И пока по подворью и по всему городу распространялся послеобеденный сон, предводитель накоротке набросал письмо управляющему своим имением в Удеревке. "Дрон Савельев. По получении сего распорядись немедля попрятать девок от улицы, дабы не случилось греха, как на прошлых вакациях Коленьки. Да вели приготовить хоромы к приезду барчука и его товарищей".
И посыльный тут же поскакал в Удеревку.
А потом было общее пробуждение. Омыв лицо прямо из ведра у колодца, Коленька, словно между прочим, спросил у отца:
– А что, батюшка, не поехать ли мне завтра же в Удеревку? Признаться, глупо проводить лето в городе. Ради этого не стоило покидать столицу.
Владимир Андреевич подал сыну полотенце и легко согласился:
– Да-да. В деревне вам будет вольготнее.
Вечером приезжие бродили по городу и окрестностям, и Грановский называл Бирюч осколком Каганата.

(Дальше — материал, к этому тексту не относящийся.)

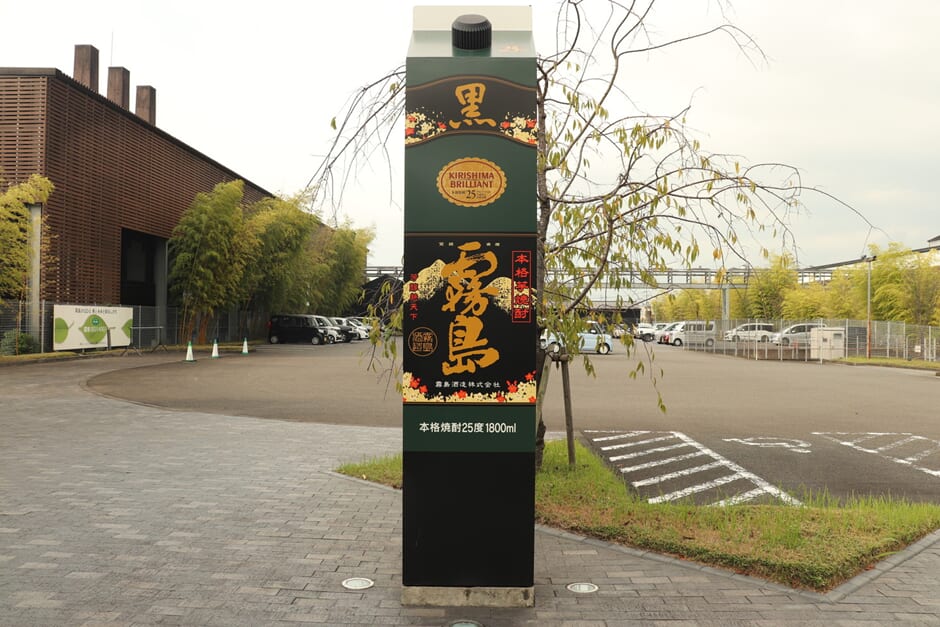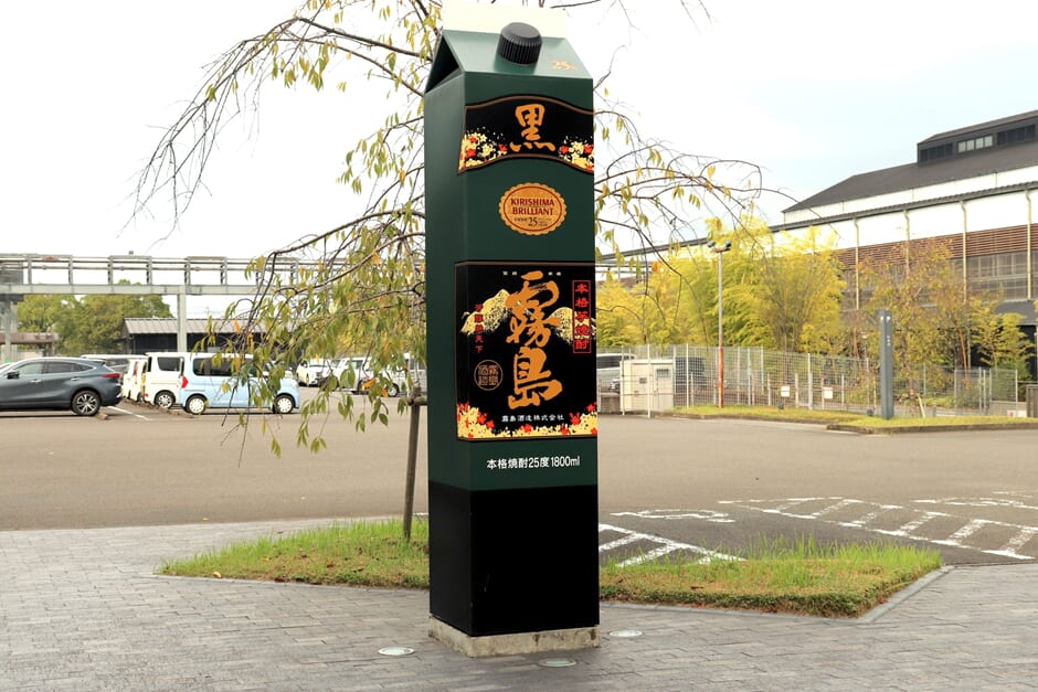 お客様第二駐車場には、大きな芋焼酎「黒霧島」が!広報のご担当者によると、ココは霧島酒造らしさを感じられるフォトジェニックスポットのひとつとのこと。訪れた記念に、ぜひカメラを向けてみてください。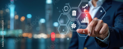 Businessman manages company performance, touching business process icons on virtual screen. Manager works with workflow automation for operational excellence, growth. Digital transformation,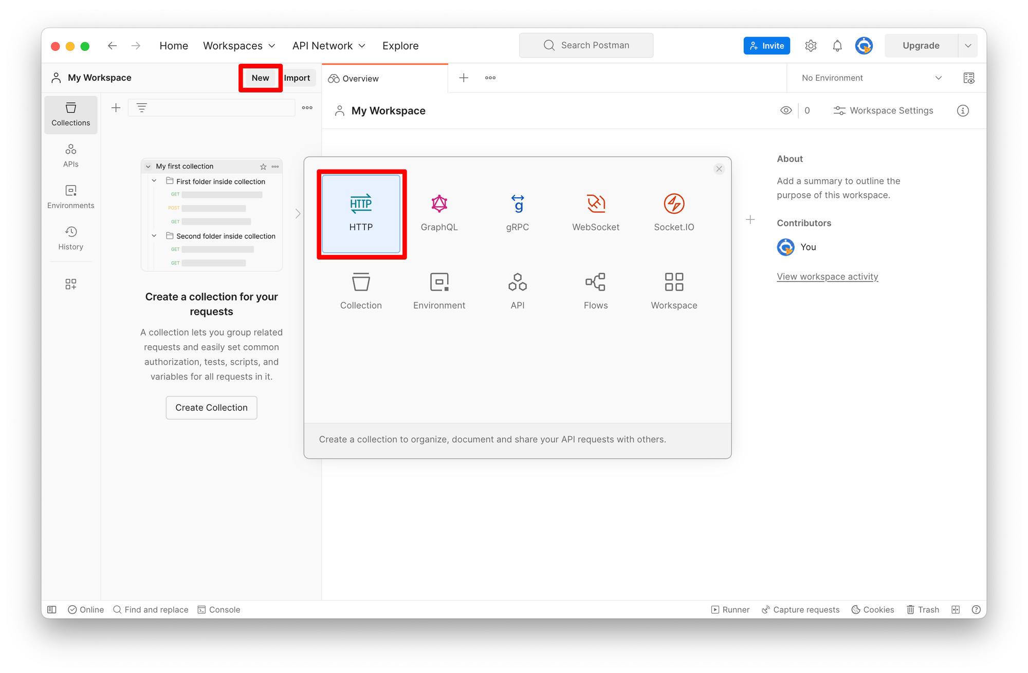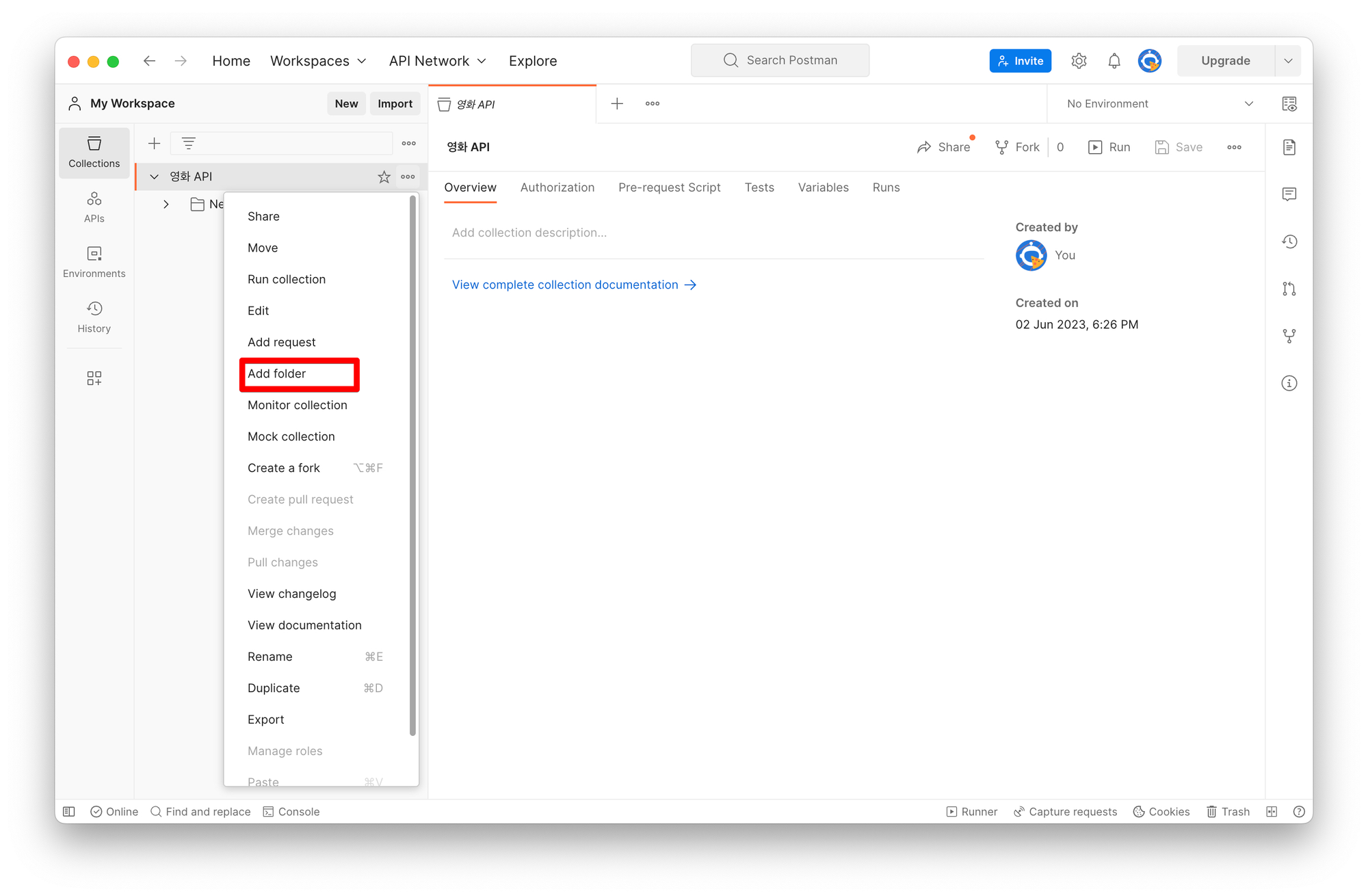 - 모든 HTTP 요청은 Collection에 포함되어 있다.

А наутро они уехали в Удеревку.
Шёл сенокос. На обширных лугах вдоль Тихой Сосны махали крюками и косами многочисленные работники. Но ярко-зелёные пласты нетронутых трав говорили за то, что людям их скосить полностью просто не по силам. Об этом сокрушался и Грановский. На что Коленька успокоил:
– Скоро сюда на отхожий промысел придут и приедут косари из-под Курска и Орла, и даже иногда бывают из калмыков. Па-па только их и нанимает. Калмыки не бузят, и они же покупают сено, что сами и заготавливают.
Когда въехали в Удеревку, Грановский с досадой прикусывал губу:
– Вымерли здесь, что ли? Ты ж девок обещал, Николя.
Белые малороссийские хаты с надвинутыми по самые окна соломенными крышам, барский дом, куда более роскошный, чем городской. Все хаты Удеревки выглядели вокруг здания с колоннами, как цыплята вокруг наседки.
Было знойно, пусто и пыльно.
К водопою с южного склона опускалось громадное перегонное стадо.
Управляющий Дрон Савельев встретил господ при жене – крупной хохлушке с повязанными чуть не подмышками юбками. Жена держала на подрагивающих белых руках рушник с караваем:
– Ласкáво просымо... – поклонились оба.
И пошли в дом позади хозяев. Коленька скоро обежал хоромы и вернулся к управляющему. Схвативши за бороду, спросил с обидой в голосе:
– Почему тараканы? И где девки, мужик? Ты, плут, пойдёшь у меня на конюшню!
Дрон вертел головой, пытаясь высвободиться, и бубнил невнятно:
– Дык... замуж вышли, Ваше-с... А тараканы – мы травили, а оне набежали-с. С утра не было-с...
Подошёл Грановыский, помог Дрону высвободить бороду. Как-то обстановка разрядилась, гости принялись разглядывать картины на стенах с портретами старых Станкевичей и пасторалями.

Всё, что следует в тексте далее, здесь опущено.